On Thu, Apr 23, 2009 at 03:03:37PM -0700, Carl Keil wrote:
>>   Carl Keil wrote:
>>> Hey People,
>>>
>>> Is there anything special I need to do to install and format a 1TB  
>>> drive?  I installed a 500Gig drive on an older Fedora installation a  
>>> while ago and it wouldn't see the whole drive until I increased the  
>>> block size, I'm hoping I don't have to do that on this server.  Is a  
>>> 1TB drive basically plug and play on 32 bit Centos 5.
>>>
>>> Also, how would you fdisk and format it?  Would you do anything  
>>> special filesystem-wise?  I'm pretty new to >300 Gig drives.
>>> Thanks so much,
>>>
>>> ck
>>
>> Shouldn't be anything special necessary.  I routinely do 1TB and 2TB  
>> partitions on RAID arrays with CentOS and RHEL.  Your 1TB drive should  
>> be plug 'n' chug.
>>
>> Now, as to how to partition it, well, that depends on how you're going  
>> to use this drive on this system.  Can you give us any details on that  
>> so we can best advise you?
>>
>> --TP
>
> Well, I didn't want to get into specifics because this isn't exactly  
> educational.  I'm going to be using this drive as storage for MythTV  
> recordings.  So, mostly huge files bigger than 5Gigs each.
>
On my MythTV machine, ext3 takes quite a while to delete a file (due to the size).  I use JFS and it deletes files really quick.  XFS is supposed to be
almost as fast.

-Rob

> BTW - Here's what I'm talking about.  This doesn't look right to me.   

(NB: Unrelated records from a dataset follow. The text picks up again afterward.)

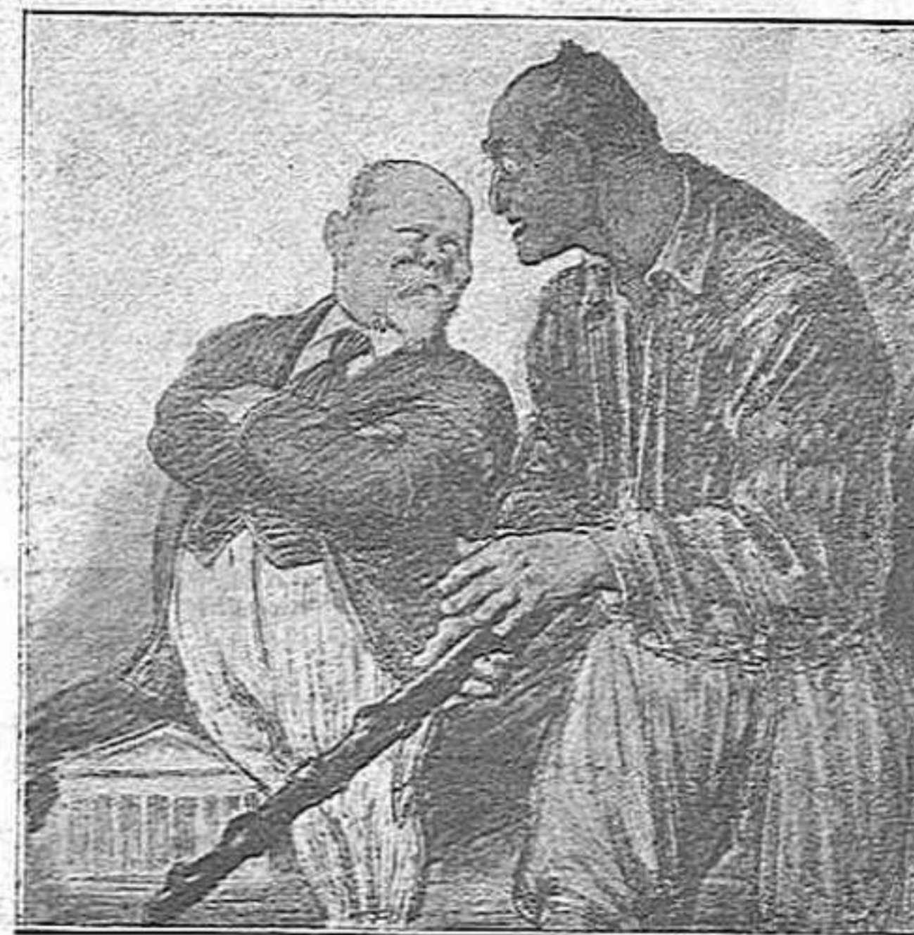
Mussolini—Jo us donaré la manera de servir-vos-en.
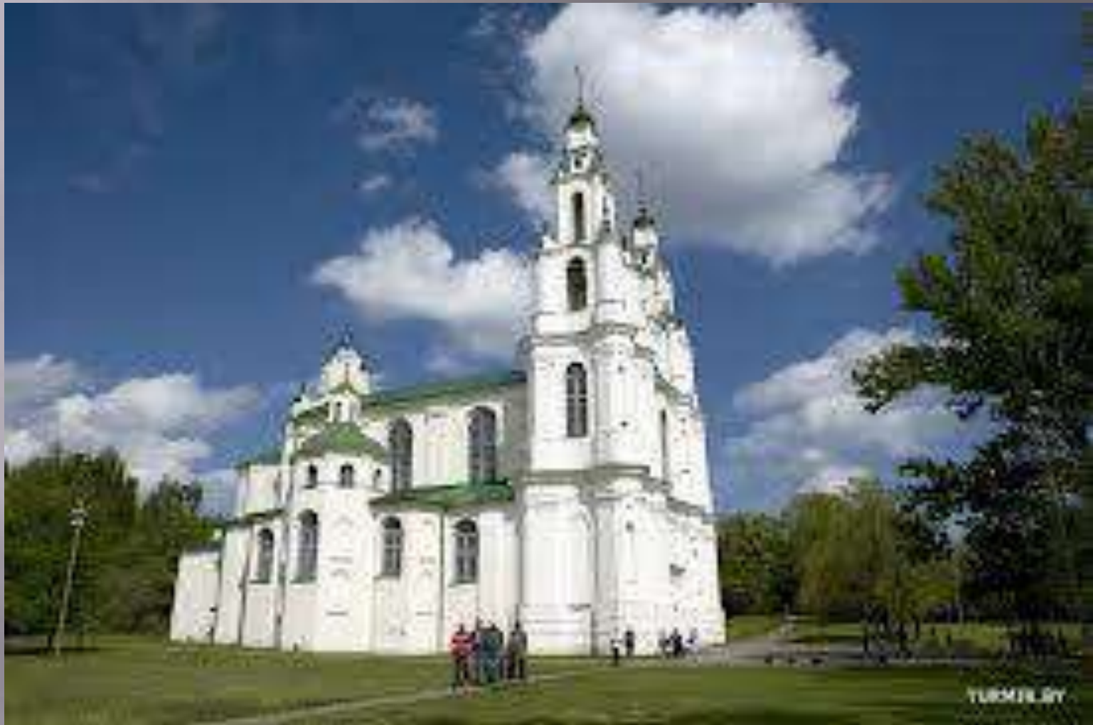
Современный вид Софийского собора в Полоцке.
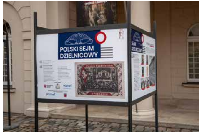
Otwarcie wystawy na temat Polskiego Sejmu Dzielnicowego przed Odwachem na Starym Rynku.
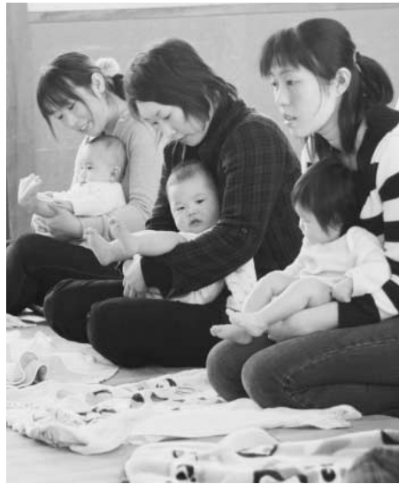
つどいの広場 子育て講座から

ました。乳幼児のお子さんは、現在お持ちの資格証を引き続きお使いください。 新1年生から新4年生のお子さんには、有効期限を更新した新しい資格証を3月下旬に郵送します。
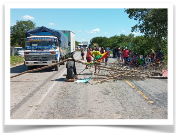
Wegblokkade in Bolivia.

Het was een lange reis met hindernissen vanuit België Zaventem naar Bolivia via Frankfurt en Sao Paulo naar Campo Grande in Brazilië. Eenmaal in Sao Paulo aangekomen bleek dat niet alle koffers waren aangekomen waarop later gewacht moest worden in Campo Grande in Brazilië. Ook waren er in de tussentijd politieke onrusten ontstaan in Brazilië na de uitslag van de verkiezingen die plaatsvonden tijdens de vlucht van An en Gerjanne. Hierdoor waren er kortstondig vervoersstakingen in Brazilië en kon er op dat moment niet worden verder gereisd naar Corumbá dichtbij het grensgebied met Bolivia. Eenmaal in Bolivia kon er ook niet meteen worden doorgereisd naar El Carmen omdat er ook in Bolivia vervoersstakingen waren.

> First I fdisk I typed n for new partition, I selected primary, I  
> numbered it 1, then I took the defaults for first and end block.  Then I  
> hit "w" to write it to the partition table.  Then I did the following.   
> That looks like an awfully small partition to me.  What did I do wrong?
>
> Thanks,
>
> [root at kitkat ~]# mkfs.ext3 /dev/sdb1
> mke2fs 1.39 (29-May-2006)
> Filesystem label=
> OS type: Linux
> Block size=4096 (log=2)
> Fragment size=4096 (log=2)
> 122109952 inodes, 244190000 blocks
> 12209500 blocks (5.00%) reserved for the super user
> First data block=0
> Maximum filesystem blocks=0
> 7453 block groups
> 32768 blocks per group, 32768 fragments per group
> 16384 inodes per group
> Superblock backups stored on blocks:
>        32768, 98304, 163840, 229376, 294912, 819200, 884736, 1605632,  
> 2654208,
>        4096000, 7962624, 11239424, 20480000, 23887872, 71663616, 78675968,
>        102400000, 214990848
>
> Writing inode tables: done                           Creating journal 
> (32768 blocks): done
> Writing superblocks and filesystem accounting information: done
>
> This filesystem will be automatically checked every 20 mounts or
> 180 days, whichever comes first.  Use tune2fs -c or -i to override.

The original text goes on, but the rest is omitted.